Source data
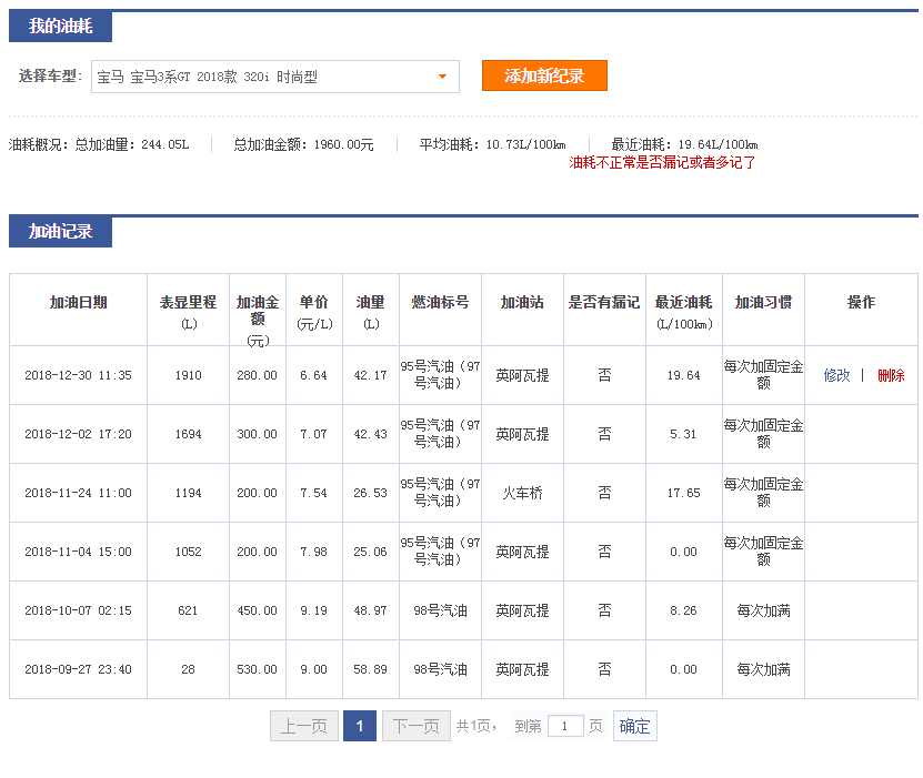 一箱油满油行驶621公里后再加满。加了450元/621公里=98#油实测0.72元/公里。第一箱油加了59升加满大概能跑个750公里。现在车辆行车电脑上显示的平均油耗是8.0升。
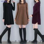ニットワンピース レディース 40代 秋冬 長袖ワンピース 黒チュニック ショット丈Aラインスカート ニットトインナー オシャレ 大人 ゆったり
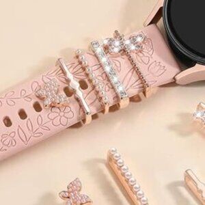 Engraved band with charms for samsung galaxy watch band. Comes with sparkling metal butterfly themed decorative charms
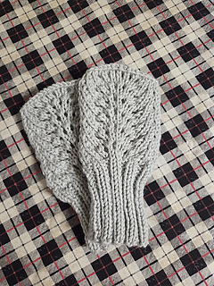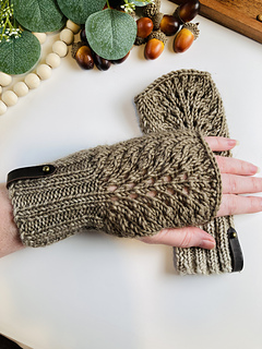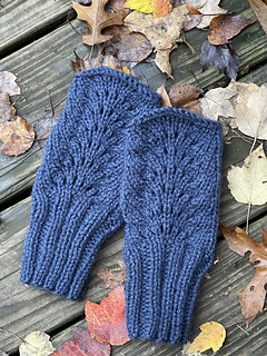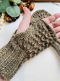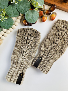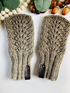 The pattern includes a stretchy 2x2 rib cuff, gentle lace repeat and easy seaming to create a comfortable fit for most adult hands. Designed in aran weight yarn, they knit up quickly and pair beautifully with gradual ombré or lightly variegated shades.
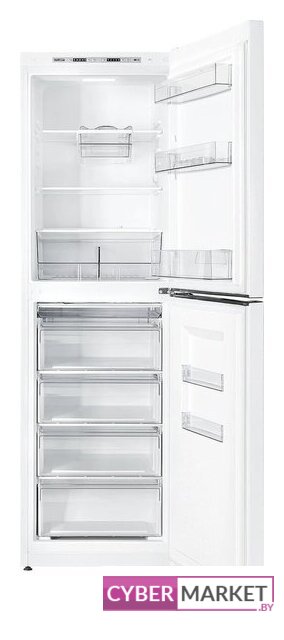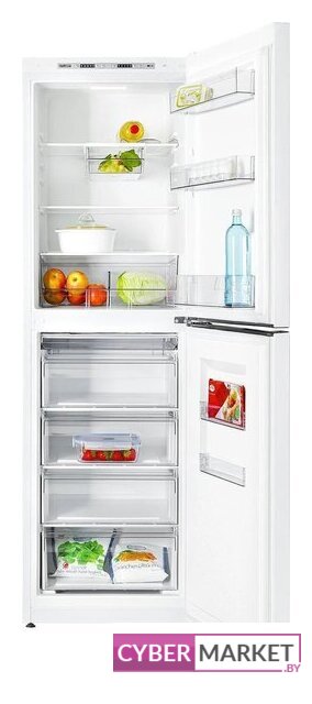 отдельностоящий, без No Frost, электронное управление, класс A+, полезный объём: 301 л (182 + 119 л), перенавешиваемые двери, лоток для яиц, 59.5x62.7x176.8 см, белый
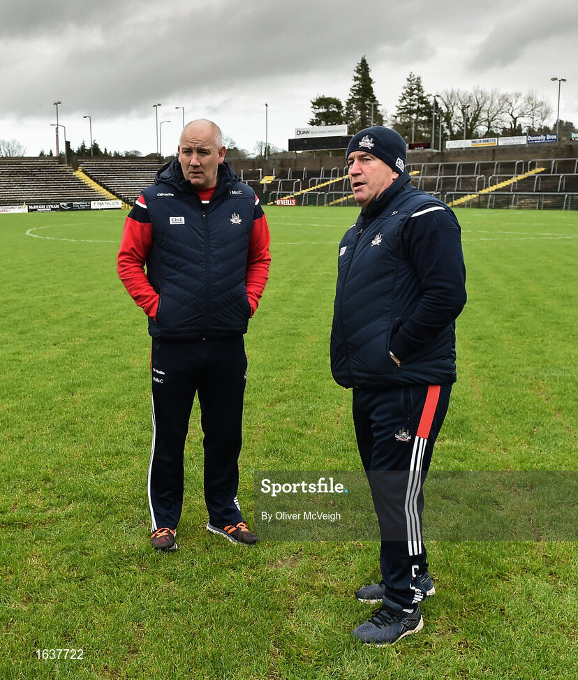 27 January 2019; Cork manager Ronan McCarthy, left, and selector Sean Hayes before the Allianz Football League Division 2 Round 1 match between Fermanagh and Cork at Brewster Park in Enniskillen, Fermanagh. Photo by Oliver McVeigh/Sportsfile
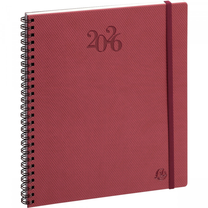 Agenda semainier Swan 15x17cm bordeaux. Format : 15 x 17 cm. 12 mois de Janvier à Décembre. La semaine sur 2 pages à la verticale. Couverture souple grain fantaisie avec fermeture élastique. Papier ivoire. Multilingue. Coins détachables. Spirale métal.
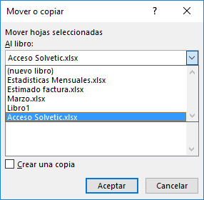 Se desplegará el siguiente asistente donde tenemos dos opciones para mover la hoja seleccionada:
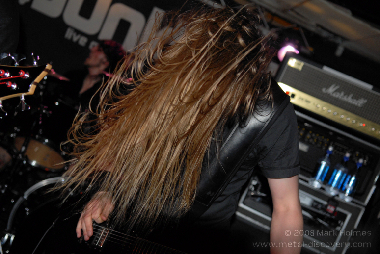 Originally formed in the early 80s, and splitting in 1991, legendary Bay Area thrashers Death Angel reformed in 2001 to perform live at a cancer benefit show for Testament frontman Chuck Billy, and overwhelmed with the enthusiastic response they received, have remained active ever since including the release of 2 new albums. Currently on a European tour to promote latest release 'Killing Season', tonight is Nottingham's turn to witness this classic thrash act in a small venue and, just before the band are due on stage, Junktion7 nearly fills up to its small 200 capacity. However, post-soundcheck, there is an inexplicable wait of around 25 minutes before they actually appear which only serves to increase the air of anticipation amongst the already excitable crowd of predominantly older metallers. And when the Bay Area legends do eventually walk out onto the stage and start to play, the audience's excitement explodes into a vigorous display of pit madness, which is sustained throughout Death Angel's entire set, including a large number of crowd surfers. Observing the fans' enthusiasm, I have the overwhelming impression that a significant number of them are reliving their long-gone thrashing youth, which frontman Mark Osegueda implicitly makes reference to, stating "good to see your missus' let you all out tonight...or maybe you've brought her with you!". Working their way through a set of 'classics' including 'Evil Priest', 'Voracious Souls' and 'Seemingly Endless Time', they also play new material including 'Lord of Hate', 'When Worlds Collide', and 'Soulless'. Based on tonight's performance, they remain energetic live performers in 2008, and swinging his dreads around during instrumental passages, it's almost inevitable that Osegueda gets a couple stuck in the low ceiling, which he amusingly fails to notice for a couple of minutes, until he tries to headbang again, then has to release his hair! Playing for an hour and a quarter, Death Angel exit the stage just after midnight to huge cheers from a clearly satisfied crowd. An excellent performance although, for me, the night belongs to Mercenary.

* WORK ITEM:
The answer must be the lines of the entries above, written out exactly from the first through the one with "27 January 2019;", and no pictures.

* WRITTEN RESPONSE:
 一箱油满油行驶621公里后再加满。加了450元/621公里=98#油实测0.72元/公里。第一箱油加了59升加满大概能跑个750公里。现在车辆行车电脑上显示的平均油耗是8.0升。
ニットワンピース レディース 40代 秋冬 長袖ワンピース 黒チュニック ショット丈Aラインスカート ニットトインナー オシャレ 大人 ゆったり
 Engraved band with charms for samsung galaxy watch band. Comes with sparkling metal butterfly themed decorative charms
 The pattern includes a stretchy 2x2 rib cuff, gentle lace repeat and easy seaming to create a comfortable fit for most adult hands. Designed in aran weight yarn, they knit up quickly and pair beautifully with gradual ombré or lightly variegated shades.
 отдельностоящий, без No Frost, электронное управление, класс A+, полезный объём: 301 л (182 + 119 л), перенавешиваемые двери, лоток для яиц, 59.5x62.7x176.8 см, белый
 27 January 2019; Cork manager Ronan McCarthy, left, and selector Sean Hayes before the Allianz Football League Division 2 Round 1 match between Fermanagh and Cork at Brewster Park in Enniskillen, Fermanagh. Photo by Oliver McVeigh/Sportsfile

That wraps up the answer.